Ran Large FFTs with AVX instructions by way of the the Prime95 blend test on my brand new FX-8120 Bulldozer on an overclocking motherboard with an “unlocked” TDP. Within seconds the CPU overheated @99C+ and tripped OTP on the motherboard giving a BSOD.

About a decade later I managed to do the same exact thing with my brand new 10900KF. Once again OTP protected the CPU from any harm. I now always set OTP to the minimum 100C on any unlocked board for this reason.

regulareel · May 28, 2022, 7:34am

I’ve fried 2 computers before:

I played with the input voltage switch at the back of the PSU and forgot the correct setting. It was supposed to be 220V but I switched it to 110V

I also was disassembling our Athlon X2 and turned on the PC without the CPU heatsink and cooler…

judahnator · May 28, 2022, 11:04pm

Once while working in PC repair I was assigned a laptop. It was brought in claiming “water damage,” so it was left on a shelf in the summer heat for a week to dry out. When I opened the lid I discovered that it wasn’t water damage, it was fruit loops damage. I could tell from the moldy fruit loops.

Another time a former employer decided that off-site backups were too expensive and deleted the whole S3 bucket. In the process also deleting many terabytes worth of files in glacier that incurred the early deletion fee. Im sure not having backups will come back to haunt them later too.

thro · May 29, 2022, 4:15am

Back in 2003.

Set up a DFS share between two servers as they were going to be in two different locations.

Other tech took one of the servers to secondary site before it had finished replicating

Other tech got impatient with it at the other site and figured he’d restore (via robocopy) a week old backup into the DFS share in order to “speed it up”.

DFS did what DFS does and replicated his 1 week old backup back to the primary HQ site, wiping out a bunch of data.

Nice!

DavieDavieDavie · May 29, 2022, 4:16am

A five line batch script taking out an entire airport.

thro · May 29, 2022, 4:16am

Haha, what were the 5 lines?

In a similarly, seemingly innocuous action, i took out the company ERP server via nmap during an audit of it.

Turns out SCO openserver (at the time) had a bug in the kernel and NMAP basically crashed it (what a piece of shit :D).

DavieDavieDavie · May 29, 2022, 4:33am

OK, story time. Strap in, this could be interesting. This was a number years ago, I think I can now safely tell the story.

So I used to work for a company that manages airport IT systems. I was in a time responsible for check-in, gate, and self service systems.

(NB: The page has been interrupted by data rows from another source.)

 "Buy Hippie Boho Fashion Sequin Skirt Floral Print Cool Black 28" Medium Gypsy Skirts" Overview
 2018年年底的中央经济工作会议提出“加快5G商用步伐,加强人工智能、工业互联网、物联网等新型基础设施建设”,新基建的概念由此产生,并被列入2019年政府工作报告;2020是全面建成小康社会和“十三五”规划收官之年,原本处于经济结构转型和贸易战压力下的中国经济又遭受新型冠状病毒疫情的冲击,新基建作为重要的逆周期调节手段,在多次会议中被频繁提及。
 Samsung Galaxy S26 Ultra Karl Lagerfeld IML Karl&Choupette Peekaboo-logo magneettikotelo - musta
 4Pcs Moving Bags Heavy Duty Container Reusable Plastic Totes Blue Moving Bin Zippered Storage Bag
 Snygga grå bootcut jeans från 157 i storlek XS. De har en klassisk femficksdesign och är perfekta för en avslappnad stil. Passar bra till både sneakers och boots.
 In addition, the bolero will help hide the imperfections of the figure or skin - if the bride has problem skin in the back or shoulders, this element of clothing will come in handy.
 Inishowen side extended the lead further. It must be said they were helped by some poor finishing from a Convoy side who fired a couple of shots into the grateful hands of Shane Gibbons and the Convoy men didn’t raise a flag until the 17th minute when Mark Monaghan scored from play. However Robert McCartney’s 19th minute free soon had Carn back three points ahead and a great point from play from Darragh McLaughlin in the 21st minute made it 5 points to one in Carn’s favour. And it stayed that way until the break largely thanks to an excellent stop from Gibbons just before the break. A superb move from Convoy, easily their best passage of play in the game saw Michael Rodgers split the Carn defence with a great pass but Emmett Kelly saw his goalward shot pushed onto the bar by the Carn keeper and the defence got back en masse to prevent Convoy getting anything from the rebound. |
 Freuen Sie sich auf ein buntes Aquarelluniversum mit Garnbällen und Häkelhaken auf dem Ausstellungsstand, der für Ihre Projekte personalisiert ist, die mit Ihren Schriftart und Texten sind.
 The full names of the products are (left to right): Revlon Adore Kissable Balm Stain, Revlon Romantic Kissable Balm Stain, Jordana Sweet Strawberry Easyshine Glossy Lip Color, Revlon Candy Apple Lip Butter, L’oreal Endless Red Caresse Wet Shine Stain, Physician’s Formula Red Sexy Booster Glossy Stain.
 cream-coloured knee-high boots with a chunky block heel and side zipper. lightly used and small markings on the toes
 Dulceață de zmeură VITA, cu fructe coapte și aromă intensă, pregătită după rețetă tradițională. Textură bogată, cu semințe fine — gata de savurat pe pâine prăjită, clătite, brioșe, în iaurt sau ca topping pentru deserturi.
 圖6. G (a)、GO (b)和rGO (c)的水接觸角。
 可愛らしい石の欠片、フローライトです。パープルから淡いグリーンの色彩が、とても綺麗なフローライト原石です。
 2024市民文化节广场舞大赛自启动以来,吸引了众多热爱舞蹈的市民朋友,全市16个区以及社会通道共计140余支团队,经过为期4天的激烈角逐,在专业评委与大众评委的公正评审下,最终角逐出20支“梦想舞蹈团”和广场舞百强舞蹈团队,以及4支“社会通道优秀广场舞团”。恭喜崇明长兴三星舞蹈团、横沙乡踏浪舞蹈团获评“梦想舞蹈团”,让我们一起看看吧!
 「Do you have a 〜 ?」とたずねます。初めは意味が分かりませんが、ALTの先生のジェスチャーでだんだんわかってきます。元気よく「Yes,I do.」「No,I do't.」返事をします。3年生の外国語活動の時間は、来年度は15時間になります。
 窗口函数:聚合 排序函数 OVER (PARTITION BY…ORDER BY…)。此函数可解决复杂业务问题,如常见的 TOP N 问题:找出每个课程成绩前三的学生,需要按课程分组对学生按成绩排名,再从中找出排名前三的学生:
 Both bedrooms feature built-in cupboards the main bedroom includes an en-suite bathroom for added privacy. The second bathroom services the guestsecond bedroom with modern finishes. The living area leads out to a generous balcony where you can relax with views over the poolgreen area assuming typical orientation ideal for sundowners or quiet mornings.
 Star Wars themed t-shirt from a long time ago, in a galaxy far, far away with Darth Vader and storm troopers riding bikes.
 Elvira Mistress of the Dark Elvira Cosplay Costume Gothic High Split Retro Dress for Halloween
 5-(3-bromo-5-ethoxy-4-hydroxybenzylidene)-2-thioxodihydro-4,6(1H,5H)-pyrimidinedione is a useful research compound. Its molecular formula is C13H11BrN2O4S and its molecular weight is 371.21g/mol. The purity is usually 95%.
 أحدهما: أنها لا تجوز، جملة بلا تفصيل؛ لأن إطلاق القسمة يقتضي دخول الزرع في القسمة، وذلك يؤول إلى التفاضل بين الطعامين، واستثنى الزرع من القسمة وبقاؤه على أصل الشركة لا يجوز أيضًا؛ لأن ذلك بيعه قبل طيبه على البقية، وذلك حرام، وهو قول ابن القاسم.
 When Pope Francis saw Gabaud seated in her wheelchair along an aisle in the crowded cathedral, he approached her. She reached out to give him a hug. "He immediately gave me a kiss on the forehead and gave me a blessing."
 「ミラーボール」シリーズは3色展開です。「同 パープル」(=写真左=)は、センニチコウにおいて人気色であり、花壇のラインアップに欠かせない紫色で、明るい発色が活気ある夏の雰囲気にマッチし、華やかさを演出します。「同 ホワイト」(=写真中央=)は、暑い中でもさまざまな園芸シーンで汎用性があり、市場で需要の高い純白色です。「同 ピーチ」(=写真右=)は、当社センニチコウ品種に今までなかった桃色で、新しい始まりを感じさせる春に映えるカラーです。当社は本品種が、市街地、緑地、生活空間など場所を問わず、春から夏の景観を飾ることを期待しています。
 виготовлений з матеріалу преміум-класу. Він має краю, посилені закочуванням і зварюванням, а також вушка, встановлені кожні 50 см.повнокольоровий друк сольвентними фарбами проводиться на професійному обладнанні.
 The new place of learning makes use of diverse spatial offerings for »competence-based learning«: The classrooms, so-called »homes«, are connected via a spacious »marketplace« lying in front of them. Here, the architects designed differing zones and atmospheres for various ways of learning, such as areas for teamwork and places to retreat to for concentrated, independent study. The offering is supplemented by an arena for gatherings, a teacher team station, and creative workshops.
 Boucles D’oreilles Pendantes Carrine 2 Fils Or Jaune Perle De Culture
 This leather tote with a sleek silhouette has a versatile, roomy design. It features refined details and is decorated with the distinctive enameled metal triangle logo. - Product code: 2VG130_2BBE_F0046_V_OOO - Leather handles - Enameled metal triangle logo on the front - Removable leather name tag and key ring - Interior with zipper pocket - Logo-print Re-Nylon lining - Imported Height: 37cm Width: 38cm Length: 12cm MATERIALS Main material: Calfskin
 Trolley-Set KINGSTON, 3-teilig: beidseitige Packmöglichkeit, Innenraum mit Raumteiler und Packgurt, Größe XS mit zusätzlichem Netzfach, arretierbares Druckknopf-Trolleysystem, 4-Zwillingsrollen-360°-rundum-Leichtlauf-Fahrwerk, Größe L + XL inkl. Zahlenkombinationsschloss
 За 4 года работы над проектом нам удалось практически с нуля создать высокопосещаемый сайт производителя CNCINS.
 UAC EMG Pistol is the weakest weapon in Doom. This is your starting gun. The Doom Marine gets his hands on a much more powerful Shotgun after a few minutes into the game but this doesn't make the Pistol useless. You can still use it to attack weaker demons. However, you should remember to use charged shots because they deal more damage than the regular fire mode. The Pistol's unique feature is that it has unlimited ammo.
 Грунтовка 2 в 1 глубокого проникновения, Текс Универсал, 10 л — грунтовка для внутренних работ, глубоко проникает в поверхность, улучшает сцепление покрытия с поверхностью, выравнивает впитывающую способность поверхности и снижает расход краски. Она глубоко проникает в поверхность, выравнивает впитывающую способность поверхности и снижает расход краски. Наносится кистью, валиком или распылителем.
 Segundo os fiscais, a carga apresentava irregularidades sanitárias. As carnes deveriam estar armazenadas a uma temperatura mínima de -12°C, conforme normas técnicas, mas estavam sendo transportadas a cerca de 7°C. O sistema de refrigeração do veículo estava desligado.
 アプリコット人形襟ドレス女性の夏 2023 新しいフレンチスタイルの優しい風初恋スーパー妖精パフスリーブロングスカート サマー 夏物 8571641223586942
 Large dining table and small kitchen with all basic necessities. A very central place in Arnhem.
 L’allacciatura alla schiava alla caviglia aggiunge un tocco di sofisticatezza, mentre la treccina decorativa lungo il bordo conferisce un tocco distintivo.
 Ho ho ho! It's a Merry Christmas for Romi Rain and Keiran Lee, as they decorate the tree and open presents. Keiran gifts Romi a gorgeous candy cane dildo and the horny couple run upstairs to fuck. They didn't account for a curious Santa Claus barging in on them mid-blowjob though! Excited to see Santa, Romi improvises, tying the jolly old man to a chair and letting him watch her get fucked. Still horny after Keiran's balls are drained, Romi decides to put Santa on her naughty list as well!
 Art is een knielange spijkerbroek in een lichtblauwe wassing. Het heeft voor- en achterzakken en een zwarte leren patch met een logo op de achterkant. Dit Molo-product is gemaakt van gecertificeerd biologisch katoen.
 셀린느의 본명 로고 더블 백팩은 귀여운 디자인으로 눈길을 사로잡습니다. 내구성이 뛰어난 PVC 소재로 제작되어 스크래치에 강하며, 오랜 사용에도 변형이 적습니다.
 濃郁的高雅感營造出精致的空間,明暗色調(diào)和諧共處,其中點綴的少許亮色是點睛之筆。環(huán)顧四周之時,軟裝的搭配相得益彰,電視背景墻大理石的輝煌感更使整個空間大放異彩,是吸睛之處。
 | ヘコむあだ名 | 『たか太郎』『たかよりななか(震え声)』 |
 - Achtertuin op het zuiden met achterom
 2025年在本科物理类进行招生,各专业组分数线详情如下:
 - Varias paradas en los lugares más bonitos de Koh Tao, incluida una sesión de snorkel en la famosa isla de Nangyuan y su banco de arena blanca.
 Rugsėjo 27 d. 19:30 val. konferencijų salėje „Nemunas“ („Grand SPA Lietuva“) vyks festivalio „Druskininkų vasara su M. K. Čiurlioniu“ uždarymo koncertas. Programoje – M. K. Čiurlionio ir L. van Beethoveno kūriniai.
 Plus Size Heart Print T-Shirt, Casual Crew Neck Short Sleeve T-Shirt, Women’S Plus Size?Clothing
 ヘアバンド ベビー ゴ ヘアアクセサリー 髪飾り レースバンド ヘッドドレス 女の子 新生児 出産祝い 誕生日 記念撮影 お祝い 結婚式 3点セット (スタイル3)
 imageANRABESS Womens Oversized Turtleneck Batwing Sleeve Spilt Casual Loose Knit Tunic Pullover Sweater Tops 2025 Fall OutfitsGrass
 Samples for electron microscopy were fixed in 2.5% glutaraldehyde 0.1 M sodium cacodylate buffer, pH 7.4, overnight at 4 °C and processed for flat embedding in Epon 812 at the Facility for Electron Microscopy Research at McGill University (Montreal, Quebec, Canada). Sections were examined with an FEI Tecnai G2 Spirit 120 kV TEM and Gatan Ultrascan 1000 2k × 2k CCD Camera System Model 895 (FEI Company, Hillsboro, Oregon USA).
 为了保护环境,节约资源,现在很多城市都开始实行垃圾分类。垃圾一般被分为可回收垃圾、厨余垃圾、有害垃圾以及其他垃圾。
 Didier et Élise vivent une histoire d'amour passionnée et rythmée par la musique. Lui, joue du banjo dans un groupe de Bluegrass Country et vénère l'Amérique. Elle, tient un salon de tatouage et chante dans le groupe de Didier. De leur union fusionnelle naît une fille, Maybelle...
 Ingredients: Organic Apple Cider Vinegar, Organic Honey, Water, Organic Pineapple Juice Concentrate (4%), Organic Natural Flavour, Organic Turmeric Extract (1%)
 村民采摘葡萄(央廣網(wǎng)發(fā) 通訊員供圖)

Check-in and gates were known as CUTE and the self service is CUSS (CUTE & CUSS are IATA standards).

Anyway, one day a site admin of an European airport reaches out to my team saying their having issues with Amadeus DCS software so I wrote a simple 5 line batch script to run at logout and clean-up temporary files left by the application.

This was a Friday (I since then I’ve personally implemented read-only Friday’s on myself). On Saturday I get a call from one of the new guys on the team that was covering the weekend shift. He called me because he knew I deployed a script as part of our procedure when deploying anything is to share with the rest of the team and go though the ITIL change control process.

So then I’m told that for whatever reason, they log-in, it works, they logout. The next airline to come and use a CUTE workstation, they cannot login – okay, that’s a bit odd, I thought to myself.

So I went and reverted my change. I then reviewed my batch script I realized I made a minor, yet surprisingly critical mistake. A typo. I was missing one letter.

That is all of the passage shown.